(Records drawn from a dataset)
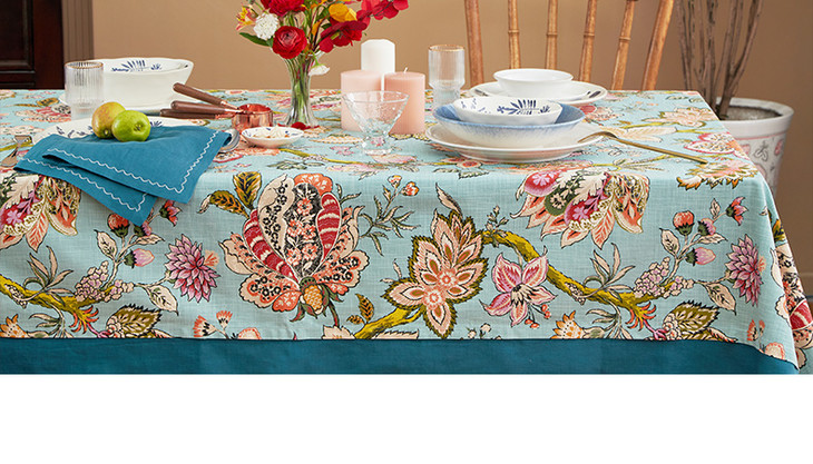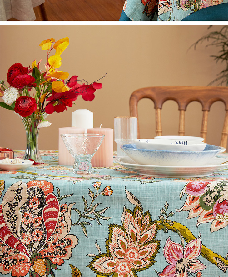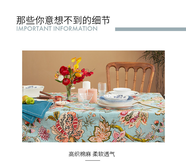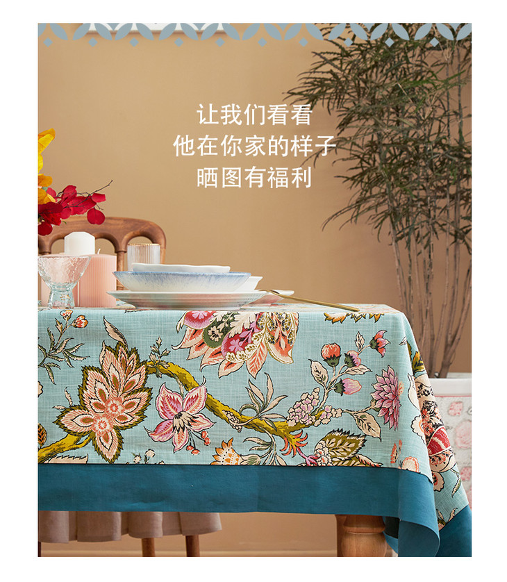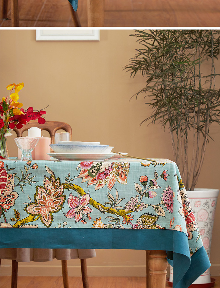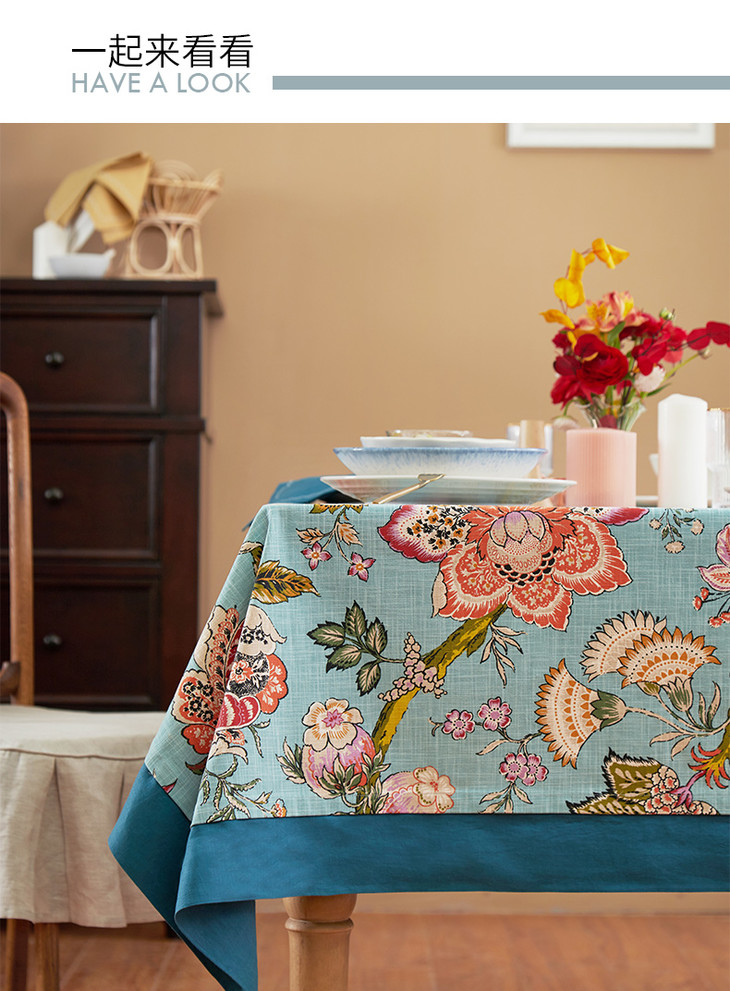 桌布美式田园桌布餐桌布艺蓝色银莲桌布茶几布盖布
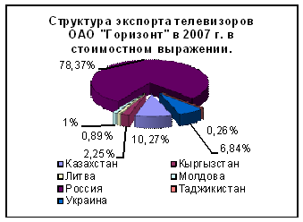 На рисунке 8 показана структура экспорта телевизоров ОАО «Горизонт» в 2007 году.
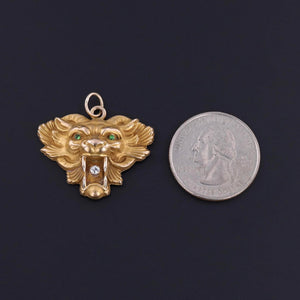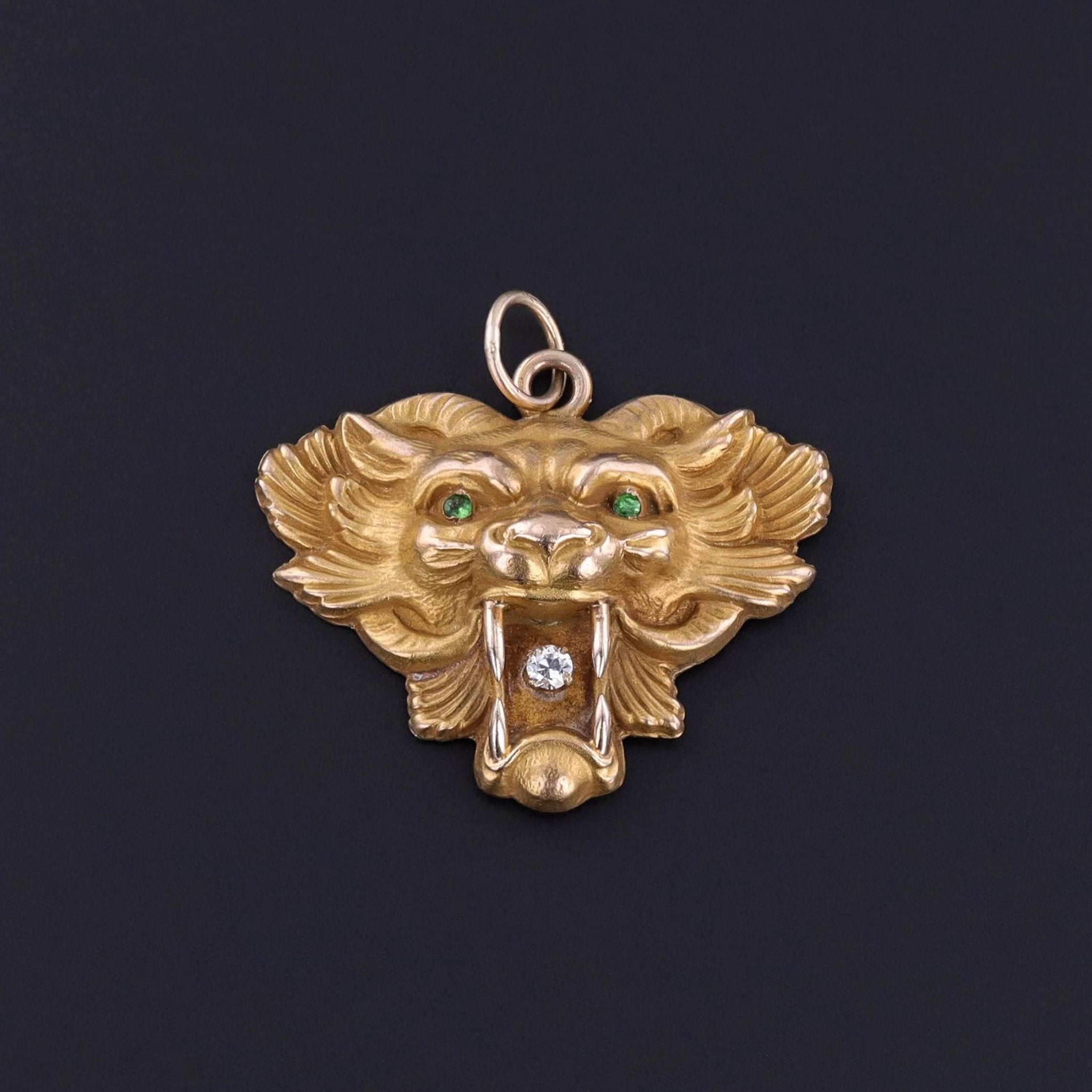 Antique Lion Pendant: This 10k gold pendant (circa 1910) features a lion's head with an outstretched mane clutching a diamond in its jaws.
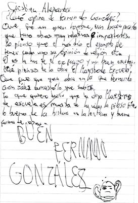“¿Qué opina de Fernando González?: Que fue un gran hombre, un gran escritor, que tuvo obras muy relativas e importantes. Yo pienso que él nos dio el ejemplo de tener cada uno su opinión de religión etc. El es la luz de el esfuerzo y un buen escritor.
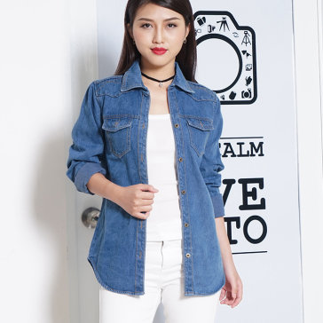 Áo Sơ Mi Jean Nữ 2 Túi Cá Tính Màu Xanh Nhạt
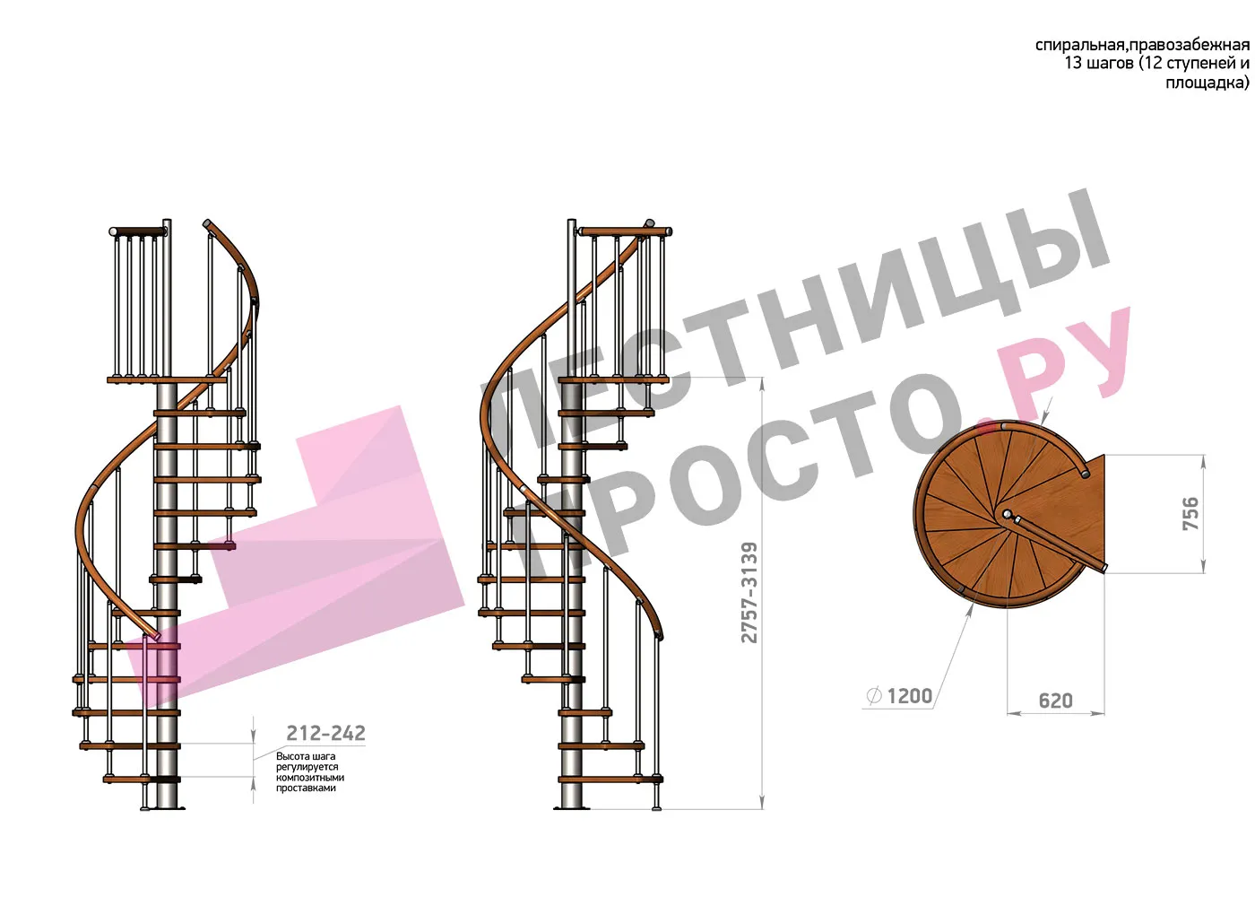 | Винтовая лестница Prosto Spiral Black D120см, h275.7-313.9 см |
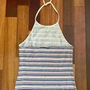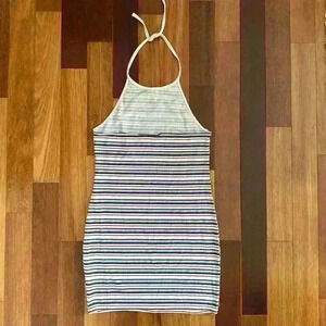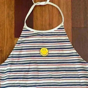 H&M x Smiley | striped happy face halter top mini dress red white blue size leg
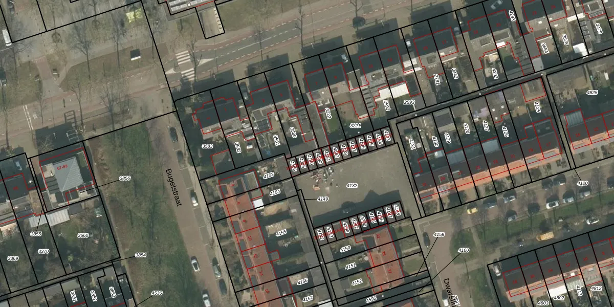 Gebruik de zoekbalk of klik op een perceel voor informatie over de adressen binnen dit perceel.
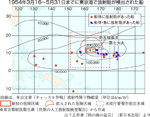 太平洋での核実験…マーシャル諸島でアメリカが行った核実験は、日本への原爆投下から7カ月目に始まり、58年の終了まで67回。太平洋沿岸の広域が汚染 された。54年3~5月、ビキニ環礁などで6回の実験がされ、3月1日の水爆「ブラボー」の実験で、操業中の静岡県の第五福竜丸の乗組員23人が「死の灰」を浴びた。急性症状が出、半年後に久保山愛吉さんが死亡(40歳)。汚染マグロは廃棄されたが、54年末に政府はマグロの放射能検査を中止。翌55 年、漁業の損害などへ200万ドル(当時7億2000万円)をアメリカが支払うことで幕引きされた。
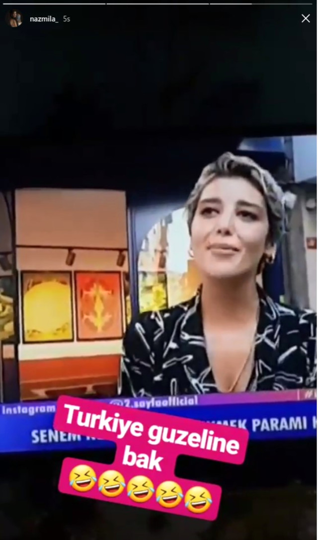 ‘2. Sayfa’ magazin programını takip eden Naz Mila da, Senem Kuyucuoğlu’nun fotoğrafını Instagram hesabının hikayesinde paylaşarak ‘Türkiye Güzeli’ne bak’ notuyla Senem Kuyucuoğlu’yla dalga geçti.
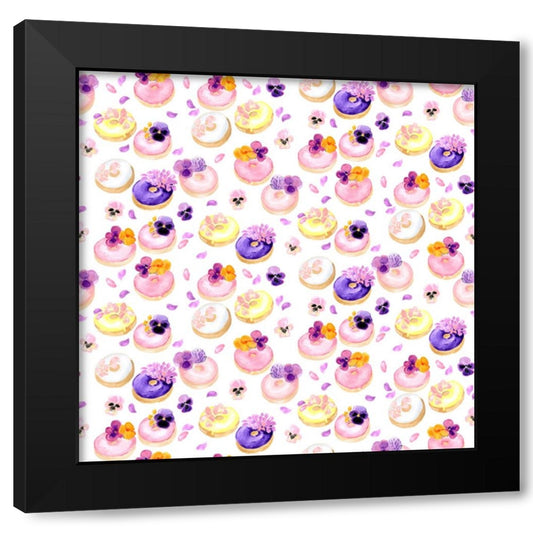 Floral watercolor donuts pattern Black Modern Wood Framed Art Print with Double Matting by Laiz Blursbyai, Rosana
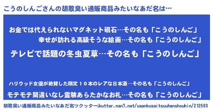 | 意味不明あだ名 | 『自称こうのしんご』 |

▸ **Exercise directions**: Without the images, write out all of the records exactly.

▸ **Answer section**:
 桌布美式田园桌布餐桌布艺蓝色银莲桌布茶几布盖布
 На рисунке 8 показана структура экспорта телевизоров ОАО «Горизонт» в 2007 году.
 Antique Lion Pendant: This 10k gold pendant (circa 1910) features a lion's head with an outstretched mane clutching a diamond in its jaws.
“¿Qué opina de Fernando González?: Que fue un gran hombre, un gran escritor, que tuvo obras muy relativas e importantes. Yo pienso que él nos dio el ejemplo de tener cada uno su opinión de religión etc. El es la luz de el esfuerzo y un buen escritor.
 Áo Sơ Mi Jean Nữ 2 Túi Cá Tính Màu Xanh Nhạt
 | Винтовая лестница Prosto Spiral Black D120см, h275.7-313.9 см |
 H&M x Smiley | striped happy face halter top mini dress red white blue size leg
 Gebruik de zoekbalk of klik op een perceel voor informatie over de adressen binnen dit perceel.
 太平洋での核実験…マーシャル諸島でアメリカが行った核実験は、日本への原爆投下から7カ月目に始まり、58年の終了まで67回。太平洋沿岸の広域が汚染 された。54年3~5月、ビキニ環礁などで6回の実験がされ、3月1日の水爆「ブラボー」の実験で、操業中の静岡県の第五福竜丸の乗組員23人が「死の灰」を浴びた。急性症状が出、半年後に久保山愛吉さんが死亡(40歳)。汚染マグロは廃棄されたが、54年末に政府はマグロの放射能検査を中止。翌55 年、漁業の損害などへ200万ドル(当時7億2000万円)をアメリカが支払うことで幕引きされた。
 ‘2. Sayfa’ magazin programını takip eden Naz Mila da, Senem Kuyucuoğlu’nun fotoğrafını Instagram hesabının hikayesinde paylaşarak ‘Türkiye Güzeli’ne bak’ notuyla Senem Kuyucuoğlu’yla dalga geçti.
 Floral watercolor donuts pattern Black Modern Wood Framed Art Print with Double Matting by Laiz Blursbyai, Rosana
 | 意味不明あだ名 | 『自称こうのしんご』 |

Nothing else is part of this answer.